Exporting NeMo 2.0 Models to TensorRT-LLM in NIM LLM Container#

Another deployment option is to export NeMo models directly to TensorRT-LLM format within a NIM LLM container. This approach requires installing the NeMo Export module in the container but provides more direct control over the export process.

This example demonstrates exporting a Llama 3.1 8B Instruct model to TensorRT-LLM format. We’ll assume the NeMo 2.0 checkpoint is located at /opt/checkpoints/llama-3.1-8b-instruct-nemo2. You can obtain such a checkpoint through fine-tuning - for details, see the Supervised Fine-Tuning guide.

To use the latest NeMo codebase and access the export_to_trt_llm.py script, clone the NeMo Framework repository:
```
git clone https://github.com/NVIDIA/NeMo.git /opt/NeMo
```
Go to NIM NGC container collection and find a recent NIM image to use. In our example, we choose nvcr.io/nim/meta/llama-3.1-8b-instruct:1.8.0-RTX that comes with TensorRT-LLM 0.17.1. Note that currently using the latest nemo.export requires TensorRT-LLM version 0.16.0 or higher.

Run the container mounting both the cloned NeMo sources and the folder with your checkpoint:

docker run --gpus all -it --rm --shm-size=4g \
   -v /opt/NeMo:/opt/NeMo \
   -v /opt/checkpoints:/opt/checkpoints \
   -w /workspace nvcr.io/nim/meta/llama-3.1-8b-instruct:1.8.0-RTX bash

Run the following commands to produce the engine.
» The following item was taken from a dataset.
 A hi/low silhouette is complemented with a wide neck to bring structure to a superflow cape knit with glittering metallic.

In the example, use tensor parallelism of two:

export PYTHONPATH=/opt/NeMo  # To use the latest code for NeMo 2.0 checkpoint support
export NIM_MODEL_NAME=/workspace/llama-3.1-8b-instruct-nim  # To inform NIM scripts where the model resides

mkdir $NIM_MODEL_NAME

python /opt/NeMo/scripts/export/export_to_trt_llm.py \
   --nemo_checkpoint /opt/checkpoints/llama-3.1-8b-instruct-nemo2 \
   --model_repository $NIM_MODEL_NAME \
   --tensor_parallelism_size 2

Wait for the command to complete the TensorRT-LLM engine build. It will produce the model format ready to be run with the NIM container.
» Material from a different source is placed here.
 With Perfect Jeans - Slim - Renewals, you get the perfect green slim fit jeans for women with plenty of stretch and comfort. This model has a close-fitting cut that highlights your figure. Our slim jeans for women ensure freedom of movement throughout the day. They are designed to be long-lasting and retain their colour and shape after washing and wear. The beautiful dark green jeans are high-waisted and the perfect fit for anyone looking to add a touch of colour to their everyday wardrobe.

Run the following script to start the server. The script is included in the NIM containers. It sets up the server within several minutes (which in general depends on the model size).
```
export NIM_SERVED_MODEL_NAME=test-model  # Model name used to query it

/opt/nim/start_server.sh > server.log 2>&1 &
```
Wait until the server starts. You can inspect the server.log file until it reports the server is running at the default 8000 port.

Once the server is up, you can query it with an example prompt using curl:

apt-get update && apt-get install -y curl

curl -X 'POST' \
  'http://0.0.0.0:8000/v1/completions' \
  -H 'accept: application/json' \
  -H 'Content-Type: application/json' \
  -d '{
    "model": "'"$NIM_SERVED_MODEL_NAME"'",
    "prompt": "hello world!",
    "top_p": 1,
    "n": 1,
    "max_tokens": 15,
    "stream": false,
    "frequency_penalty": 1.0,
    "stop": ["hello"]
  }'

Exporting NeMo 2.0 Models to TensorRT-LLM in NeMo FW Container#

You can generate TensorRT-LLM engines in the NeMo Framework container and deploy them in the NIM LLM container. However, this approach requires matching TensorRT-LLM versions between both containers. When the versions match, this is the recommended path for deploying NeMo models to the NIM LLM container. If the TensorRT-LLM versions differ between containers, you should use the NIM container to build the engine as demonstrated in the previous section.

First, generate a TensorRT-LLM engine for the llama-3.1-8b-instruct-nemo2 model by following the instructions in the Deploy NeMo Models by Exporting TensorRT-LLM guide.

Then, start the NIM LLM container as follows:

docker run --gpus all -it --rm --shm-size=4g \
   -v /opt/checkpoints:/opt/checkpoints \
   -w /workspace nvcr.io/nim/meta/llama-3.1-8b-instruct:1.8.0-RTX bash

Please make sure the TensorRT-LLM engine is located in the /opt/checkpoints folder.

Run the following script to start the server. The script is included in the NIM containers. It sets up the server within several minutes (which in general depends on the model size).
```
export NIM_MODEL_NAME=/opt/checkpoints/llama-3.1-8b-instruct-nim
export NIM_SERVED_MODEL_NAME=test-model  # Model name used to query it

/opt/nim/start_server.sh > server.log 2>&1 &
```
Wait until the server starts. You can inspect the server.log file until it reports the server is running at the default 8000 port.